4.1.3. Dependence of Vertical Profiles on LWC, pH, and Availability of Chemical Reactants
It must be emphasized that the profiles for each species we propose in Figure 2 (and observe in Figures 3 and 5) are neither fixed nor permanent; the profiles of each species certainly change with the conditions of the environment. As has already been suggested, the chemical reactivity of a species in droplets has an influence on the vertical profile of concentration and, in turn, the chemical reactivity of species in clouds is highly dependent on numerous factors such as LWC, pH, and the availability of chemical reactants; these factors are briefly discussed in this section using formate as an example.
Consider the simplified scenario of formic acid gas that partitions into cloud droplets: (i) the fraction of formic acid that is partitioned into the aqueous phase depends on LWC and Henry’s law constant, (ii) the fraction of formic acid that subsequently dissociates into formate ions depends on the pH of the solution, and (iii) the reaction pathway the formate ion undergoes is highly sensitive to the solution pH and the chemical reactants available in the droplet (Keene & Galloway, 1986; Munger et al., 1989b; Schwartz, 1986; Seinfeld & Pandis, 2016). Simultaneously, formate can also be formed in the droplet by oxidation of precursor organic species; the OH radical serves as both a source and sink for formate and can be either scavenged from the gas phase or photo-generated in the aqueous phase (Chameides & Davis, 1983) (e.g., NO3−, NO2−, and iron complexes serve as sources of photo-generated OH radicals; Bianco et al., 2015).

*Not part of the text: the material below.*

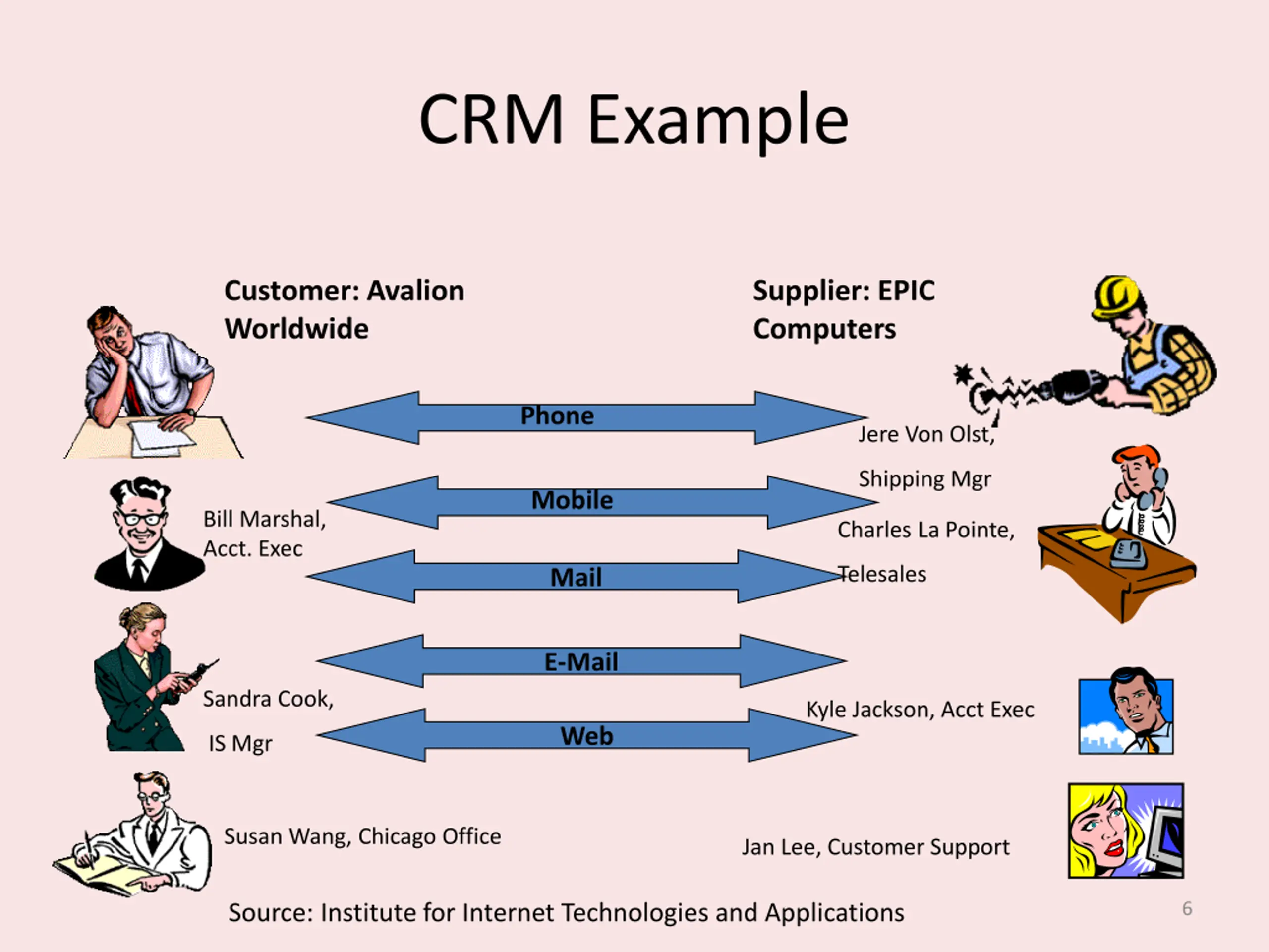 CRM Example Customer: Avalion Worldwide Supplier: EPIC Computers Phone Jere Von Olst, Shipping Mgr Mobile Bill Marshal, Acct. Exec Charles La Pointe, Telesales Mail E-Mail Sandra Cook, Kyle Jackson, Acct Exec Web IS Mgr Susan Wang, Chicago Office Jan Lee, Customer Support 6 Source: Institute for Internet Technologies and Applications
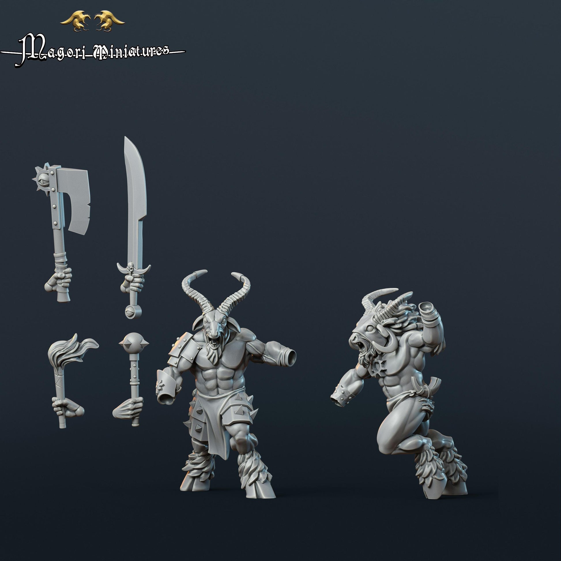 Goatman cultists, Fantasy Skirmish Miniatures by Magori Miniatures, perfect for Fantasy Wargames and RPGs

We chose formate for this discussion because it serves as an example that physical and chemical effects can be superimposed on each other to modify vertical concentration profiles. We hypothesize that the significant peak in formate air-equivalent concentration in Figure 3 is the result of superimposing a physical effect and a chemical effect. The physical effect is the potential entrainment of formate (coming from continental sources) form in the free troposphere into the cloud top; the chemical effect is the formation of formate at cloud top due to factors associated with potentially enhanced pH and photochemistry. Since formate is produced by the OH-mediated oxidation of organic substances like tryptophan (Bianco et al., 2016), and OH is photogenerated, it is reasonable that a greater solar irradiance at cloud top should produce more OH and cause a peak in formate concentration. Perhaps this peak is diminished at nighttime, leaving only the physical entrainment effect to be observed.
It is interesting to note that the pH conditions throughout the cloud depth are sufficiently high so as to permit most of the formic acid to dissociate into formate; this occurs when pH > 4 (Seinfeld & Pandis, 2016). The vertical profile of pH obtained using the case study approach is shown in Figure S10. Throughout the cloud, pH always exceeded 4; therefore, most of the formic acid dissociated into formate. Consistent with the trend reported by Leaitch et al. (1983), pH increases with cloud height (the increase is statistically significant: r = 0.90; p = 0.03). Most of the individual pH profiles (Figure S11) exhibit an increase of pH with height.
4.2. Vertical Profiles of Rainout Parameters
In order to study the effect of rainout on in-cloud vertical concentration profiles, it is convenient to analyze species with both minimal chemical reactivity in cloud droplets and a relatively constant flux over the sampled area. Of the species shown in Figures 3 and 5, Cl− and Na+ best satisfy these constraints and are examined in greater detail here. This section probes the four profiles that contain chemical data in all thirds of the cloud by focusing on how cloud conditions (R, LWC, and H) affect the rate of rainout and chemical composition, and in section 4.3 an alternative approach is used to make use of all 11 profiles by relating cloud conditions to chemical composition.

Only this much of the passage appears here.